La fragilité de cette proposition ressort de plus en plus chaque jour, malgré les efforts déployés par M. Frangié pour en convaincre ses alliés. Après avoir échoué à le faire avec Hassan Nasrallah, rencontré en secret au cours de la semaine dernière, on apprend que M. Frangié n’a pas eu plus de succès avec Bachar el-Assad, qui l’a reçu en fin de semaine. Ce dernier lui aurait conseillé de privilégier ses alliances (avec Michel Aoun et le Hezbollah) sur ses ambitions présidentielles, ce qui n’a pas été facile à accepter et qui donc ne l’a pas été.
Concrètement, l’initiative de compromis est toujours d’actualité, mais ses chances reculent à vue d’œil. Car avec des alliés comme le Hezbollah et Michel Aoun, Sleiman Frangié n’a plus besoin d’adversaires. Le patriarche parviendra-t-il à réanimer cette initiative ? Rien n’est moins sûr, avec les têtes carrées de service. Mais « un miracle » est toujours possible, a dit hier le patriarche.
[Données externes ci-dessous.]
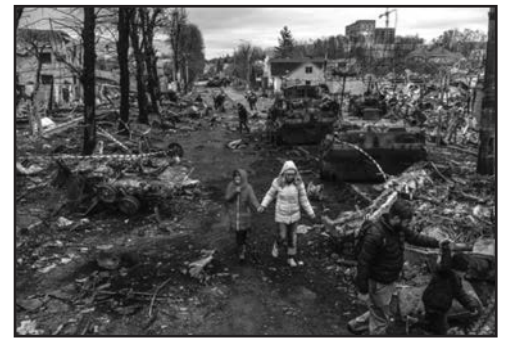
La imagen muestra a una mujer con su hija abriéndose paso por entre los escombros y la desolación producida por las fuerzas rusas en Bucha

Continúa la guerra en Ucrania con la consiguiente devastación, y el reguero de crímenes, violaciones y robos que deja a su paso el ejército ruso. Es significativo lo ocurrido en Bucha, localidad de 30.000 habitantes, cercana a Kiev y que fue de las primeras en ser ocupada. Una vez efectuado el contraataque de las fuerzas ucranianas provocando la retirada del ejército ruso, se han podido ver en las calles y sótanos de dicha ciudad cientos de civiles asesinados con un tiro en la nuca, con las manos atadas, mujeres violadas y torturadas y un sinfín de atrocidades y crímenes de lesa humanidad. Los principales esfuerzos militares rusos se centran ahora en preparar una ofensiva para establecer un control total sobre el territorio de las regiones ucranianas de Donetsk y Lugansk, en el este del país, y Mariúpol, en el sur, según el último parte del Alto Mando del Ejército ucraniano. Mientras, la artillería rusa volvió a bombardear intensamente este miércoles las ciudades de Mariúpol y Járkiv.
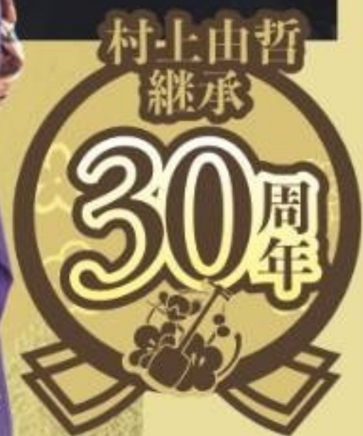
村上 由哲 (津軽三味線)
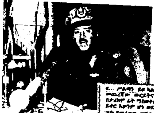
... የሰለግን ደብራራት መደገፍ ወርሶች ገጠን በቀርባ ለት ግብታዎች ለግ ደግሞ ለግን ሆነ ወረረት ል ሆነ የሚረገፍ ማግኘት ለ ደብራ ስርሰ የአገሪቱ ሰለግን ወጥ ለንደራሌ ለግርግ ለግታዎች የም ነው...

የአርትራ ፖሊስ አዘነሩ የወብር ከበኛ አዘነሩ (ለደሌ) የባህር ደይሌ አዘነሩ የረገግ ደራሽ አዘነሩ የአደሰ አበበ ፖሊስ አዘነሩ የቀደም የወሱ ፖሊስ አዘነሩ የላይር ወለድ አዘነሩ የገሥ የላይብ ወቆ የአርግሪ ለቪየን አዘነሩ ከፖሊስ ሠራዊት ለፖ ተርጉሞ ፍ ወብር ከበኛ ገሰሰ ደርግ ከአርግሪ ለቪየን
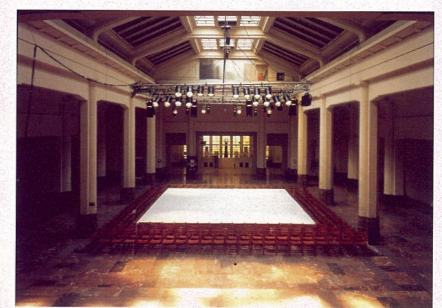
一张桌子 克瑞基·荷斯菲尔德 装置

C’est cette « possibilité de miracle » que le Premier ministre a saluée, hier, au cours d’une réunion consacrée au contrôle qualité dans les restaurants. Ce compromis a été « une bouffée d’air frais dans une situation d’immobilisme interminable », a affirmé M. Salam, tout en constatant à contrecœur que « l’initiative a rencontré des obstacles qui la retardent ». « Mais j’espère que cet élan ne retombera pas », a-t-il conclu.
« Ceux qui entravent le règlement de la crise des déchets doivent assumer leurs responsabilités », a-t-il par ailleurs affirmé, comme s’il prévoyait le blocage.
En tout état de cause, sur la présidentielle, on pourra écouter jeudi soir M. Frangié plaider en direct pour son initiative et expliquer pourquoi il l’a acceptée, au cours de l’émission grand public Kalam el-nass.
Les obstacles auxquels se heurte le compromis présidentiel n’empêcheront pas les députés de se rendre aujourd’hui au Parlement, pour la séance d’élection d’un nouveau président prévue par Nabih Berry. Encore une séance pour rien, encore des oraisons funèbres faciles !
La morosité ambiante devrait par ailleurs s’aggraver un peu plus par ce qui ressemble beaucoup à un nouveau verrou dans la crise des déchets. Pourtant le Premier ministre avait cru pouvoir annoncer que l’on n’est pas loin de la solution et que le Conseil des ministres devrait se réunir ces deux jours, pour trancher cette question. C’était, hélas, sans compter avec le nouvel obstacle qui a surgi hier sous la forme d’une opposition du bloc du Changement et de la Réforme à la solution de l’exportation, au prix élevé où elle se conclut.
Tout laisse croire que dans ce domaine, on n’est pas encore sorti de l’auberge et que dans les rues et sur les routes, les fêtes sentiront un peu moins bon que prévu.